*Information provided*.
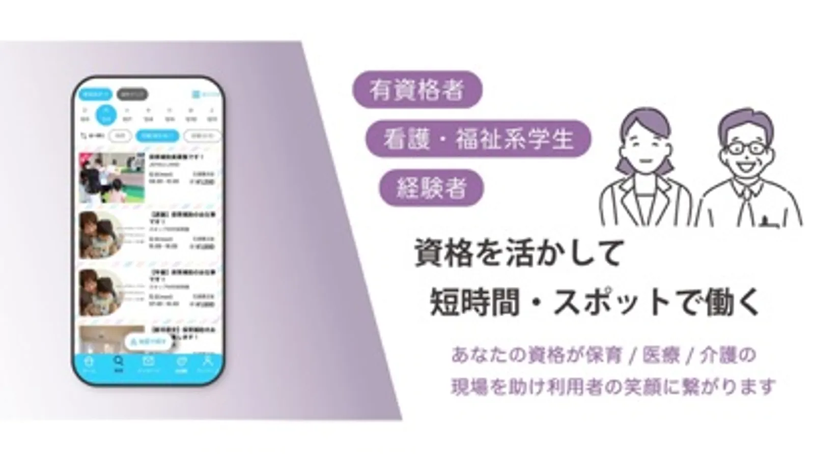 「来週は保育園で働こう!」「明後日は介護施設で4時間働こう!」「週1回の遅番勤務希望!」と、ご自身が望むお仕事とライフスタイルを実現してください。
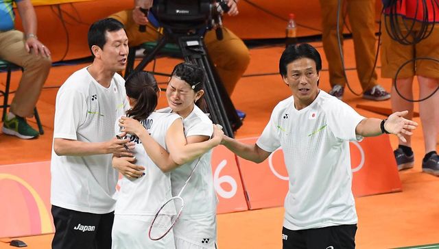 박주봉 일본 배드민턴 대표팀 감독이 2016년 8월 18일(현지시간)브라질 리우 센트루 파빌리온4에서 열린 2016 리우올림픽 배드민턴 여자복식 결승전에서 금메달을 확정한 마쓰토모 미사키-다카하시 아야카를 격려하고 있다 / 뉴스1
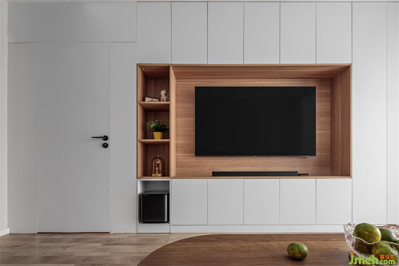 結(jié)合業(yè)主對音響、游戲的高品質(zhì)要求,電視柜的整體設(shè)計細(xì)致精確到了電源插座的位置,預(yù)留了后續(xù)各類家電的空間。主臥門也依托整體電視柜做了隱形效果。
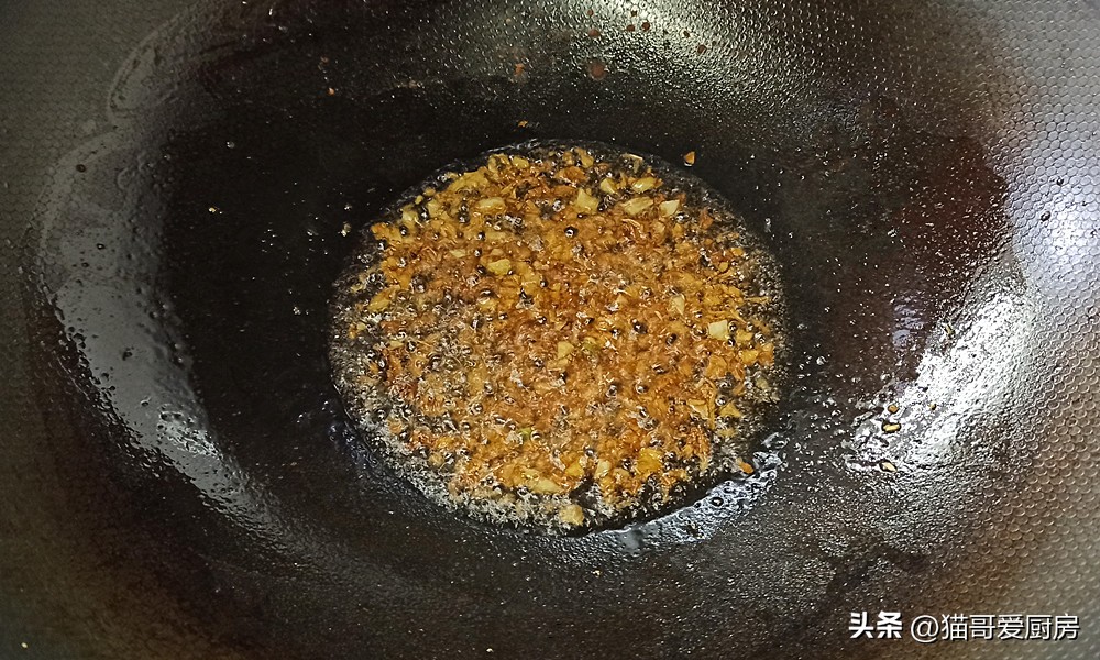 【步骤八】:重新起锅放少许油,放入蒜末炒出香味,放2勺生抽炒香。
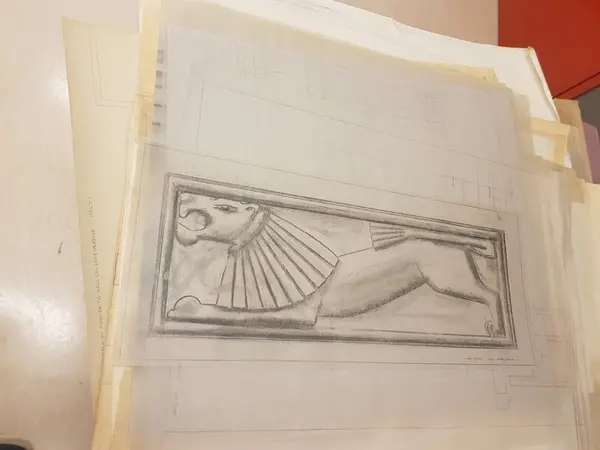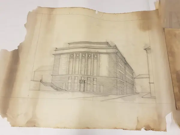 Det var arkitekten selv som tegnet ornamenter slik vi ser dem her. Så sent som i august 1940 produserte arkitekten Ole Landmark tegninger, og gav sine instruksjoner til underleverandører i anbudsprosesser. Han listet opp hvilke deler som skulle behandles, hvordan det skulle skje og gav spesifikasjoner for fargevalg, antall malingsstrøk, og overflatebehandling spesifisert på detaljnivå rom for rom.
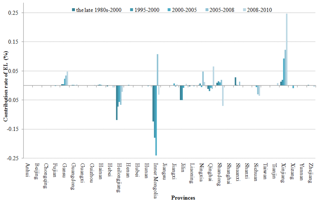 Moreover, in the other provinces of China, the EL exhibited fluctuations. In some provinces, the EL values were negative during the first periods of monitoring, and positive in the last periods (e.g., Jilin and Qinghai). Others were positive at first, then negative later (e.g., Shandong and Shannxi). In still other areas with very little UL, such as Hebei and Hubei, changes were not regular. In Jilin Province, UL changes related to cultivation in wetland areas were the main contributors of deterioration in the local environmental quality during the early study period. In contrast, it was grassland degradation due to over-grazing in Qinghai Province, which contributed most to deterioration of the local ecosystems there.

*Task to complete*.
Leave every picture out and return exactly the lines from the one holding "Det var arkitekten" through the end of the records above, both ends included, and nothing more.

*Completed task*.
 Det var arkitekten selv som tegnet ornamenter slik vi ser dem her. Så sent som i august 1940 produserte arkitekten Ole Landmark tegninger, og gav sine instruksjoner til underleverandører i anbudsprosesser. Han listet opp hvilke deler som skulle behandles, hvordan det skulle skje og gav spesifikasjoner for fargevalg, antall malingsstrøk, og overflatebehandling spesifisert på detaljnivå rom for rom.
 Moreover, in the other provinces of China, the EL exhibited fluctuations. In some provinces, the EL values were negative during the first periods of monitoring, and positive in the last periods (e.g., Jilin and Qinghai). Others were positive at first, then negative later (e.g., Shandong and Shannxi). In still other areas with very little UL, such as Hebei and Hubei, changes were not regular. In Jilin Province, UL changes related to cultivation in wetland areas were the main contributors of deterioration in the local environmental quality during the early study period. In contrast, it was grassland degradation due to over-grazing in Qinghai Province, which contributed most to deterioration of the local ecosystems there.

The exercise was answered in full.